(Beginning of AVAILABLE DATA)

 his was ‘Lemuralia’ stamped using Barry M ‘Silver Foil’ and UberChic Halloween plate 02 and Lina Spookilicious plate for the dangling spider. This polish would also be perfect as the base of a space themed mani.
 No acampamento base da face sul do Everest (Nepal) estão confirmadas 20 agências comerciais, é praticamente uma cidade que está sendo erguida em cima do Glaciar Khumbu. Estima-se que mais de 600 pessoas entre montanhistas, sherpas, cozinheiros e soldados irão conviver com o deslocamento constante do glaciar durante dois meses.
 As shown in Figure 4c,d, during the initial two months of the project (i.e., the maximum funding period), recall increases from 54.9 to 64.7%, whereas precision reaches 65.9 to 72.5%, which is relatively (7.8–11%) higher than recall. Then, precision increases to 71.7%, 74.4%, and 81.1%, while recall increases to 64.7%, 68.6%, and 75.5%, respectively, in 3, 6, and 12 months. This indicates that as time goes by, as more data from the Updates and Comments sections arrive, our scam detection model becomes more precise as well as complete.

(End of AVAILABLE DATA)
(Beginning of AVAILABLE DATA)

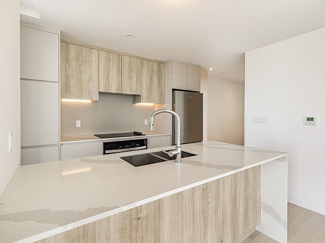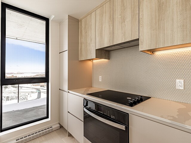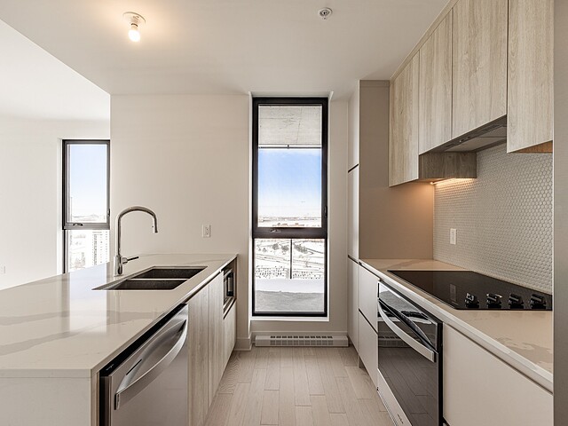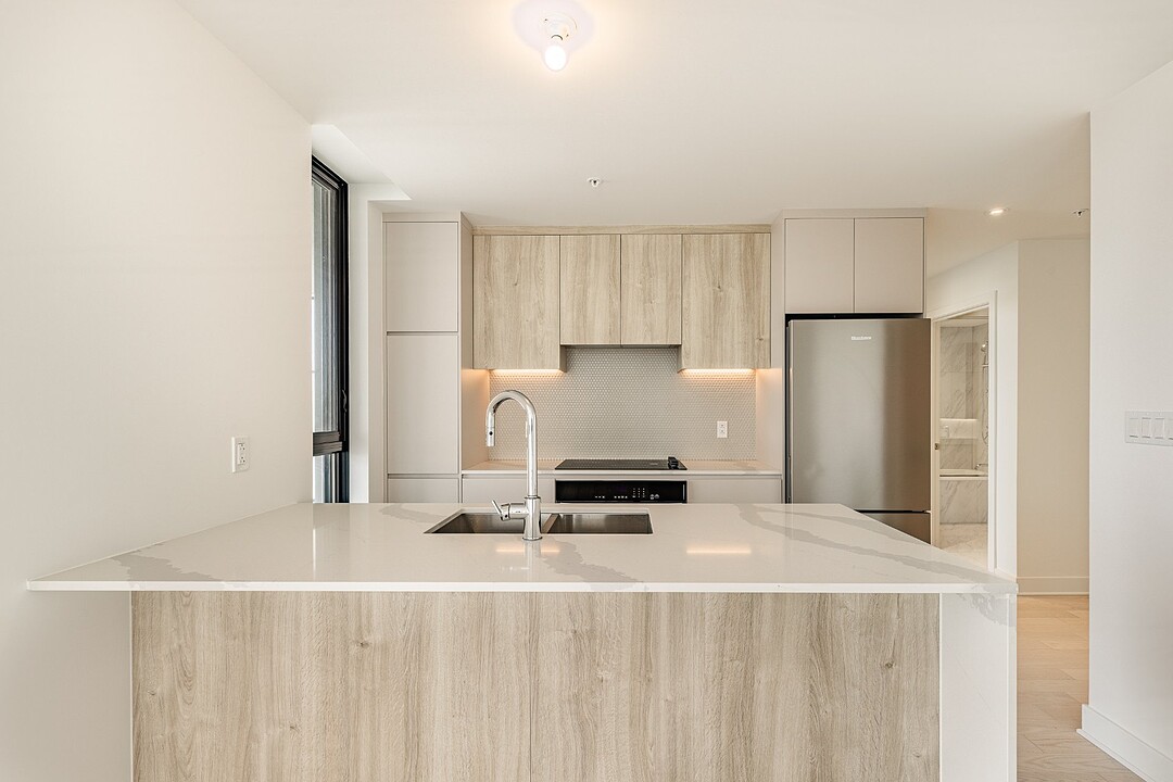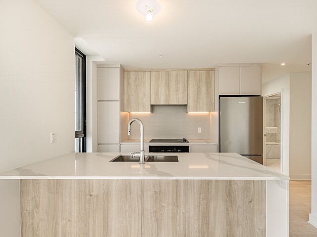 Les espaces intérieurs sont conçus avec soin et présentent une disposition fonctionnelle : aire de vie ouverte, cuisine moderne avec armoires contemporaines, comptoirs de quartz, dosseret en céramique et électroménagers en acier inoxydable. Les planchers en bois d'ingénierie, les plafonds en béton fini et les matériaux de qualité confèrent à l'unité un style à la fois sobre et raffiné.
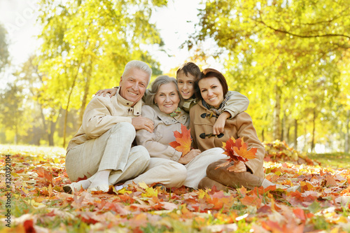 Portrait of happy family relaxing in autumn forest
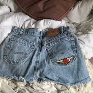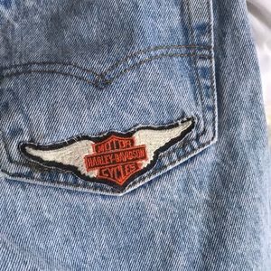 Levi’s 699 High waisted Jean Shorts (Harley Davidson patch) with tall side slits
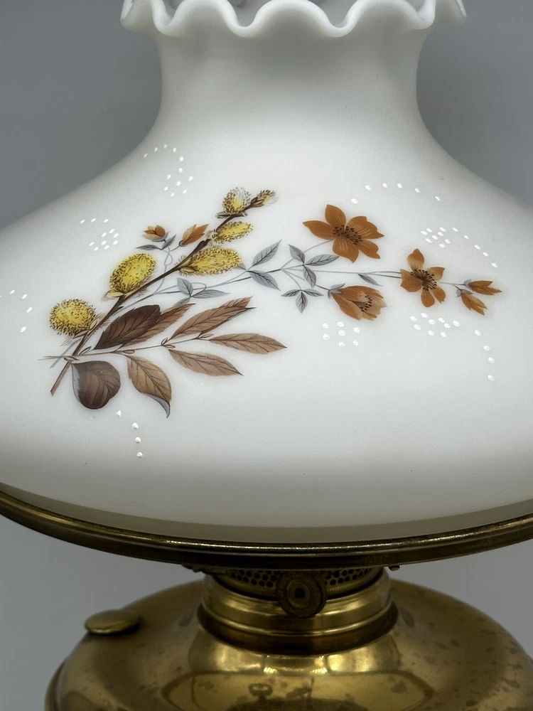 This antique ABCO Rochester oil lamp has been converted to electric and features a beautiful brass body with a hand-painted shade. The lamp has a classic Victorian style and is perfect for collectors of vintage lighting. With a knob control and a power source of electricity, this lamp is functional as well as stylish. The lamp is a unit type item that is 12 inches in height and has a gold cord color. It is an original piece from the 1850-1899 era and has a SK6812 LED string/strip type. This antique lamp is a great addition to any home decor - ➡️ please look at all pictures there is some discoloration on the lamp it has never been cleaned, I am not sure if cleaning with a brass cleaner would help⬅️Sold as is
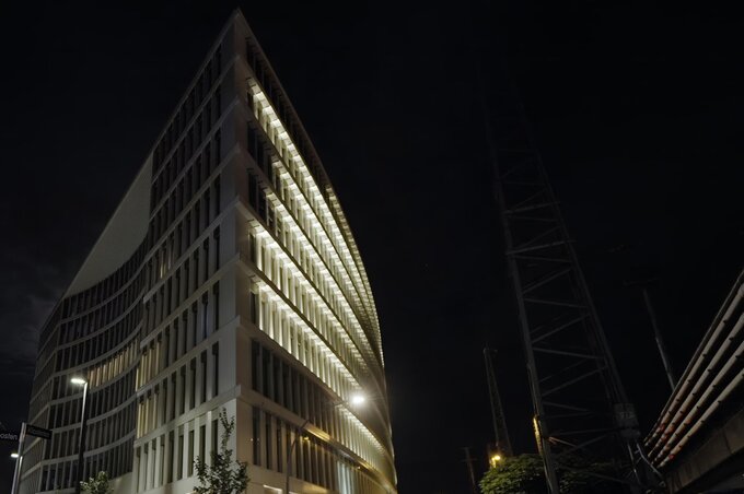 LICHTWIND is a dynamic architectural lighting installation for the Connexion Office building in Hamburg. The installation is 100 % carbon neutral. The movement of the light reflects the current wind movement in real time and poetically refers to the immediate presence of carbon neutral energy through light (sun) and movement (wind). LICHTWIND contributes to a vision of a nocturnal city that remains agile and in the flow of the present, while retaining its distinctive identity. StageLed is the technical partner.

(End of AVAILABLE DATA)

**WHAT THE EXERCISE ASKS**
In the entries above, please find the line with "his was ‘Lemuralia’" and the line with "As shown in", then write out exactly those two lines and every line between them, and nothing more.

**TASK RESPONSE**
 his was ‘Lemuralia’ stamped using Barry M ‘Silver Foil’ and UberChic Halloween plate 02 and Lina Spookilicious plate for the dangling spider. This polish would also be perfect as the base of a space themed mani.
 No acampamento base da face sul do Everest (Nepal) estão confirmadas 20 agências comerciais, é praticamente uma cidade que está sendo erguida em cima do Glaciar Khumbu. Estima-se que mais de 600 pessoas entre montanhistas, sherpas, cozinheiros e soldados irão conviver com o deslocamento constante do glaciar durante dois meses.
 As shown in Figure 4c,d, during the initial two months of the project (i.e., the maximum funding period), recall increases from 54.9 to 64.7%, whereas precision reaches 65.9 to 72.5%, which is relatively (7.8–11%) higher than recall. Then, precision increases to 71.7%, 74.4%, and 81.1%, while recall increases to 64.7%, 68.6%, and 75.5%, respectively, in 3, 6, and 12 months. This indicates that as time goes by, as more data from the Updates and Comments sections arrive, our scam detection model becomes more precise as well as complete.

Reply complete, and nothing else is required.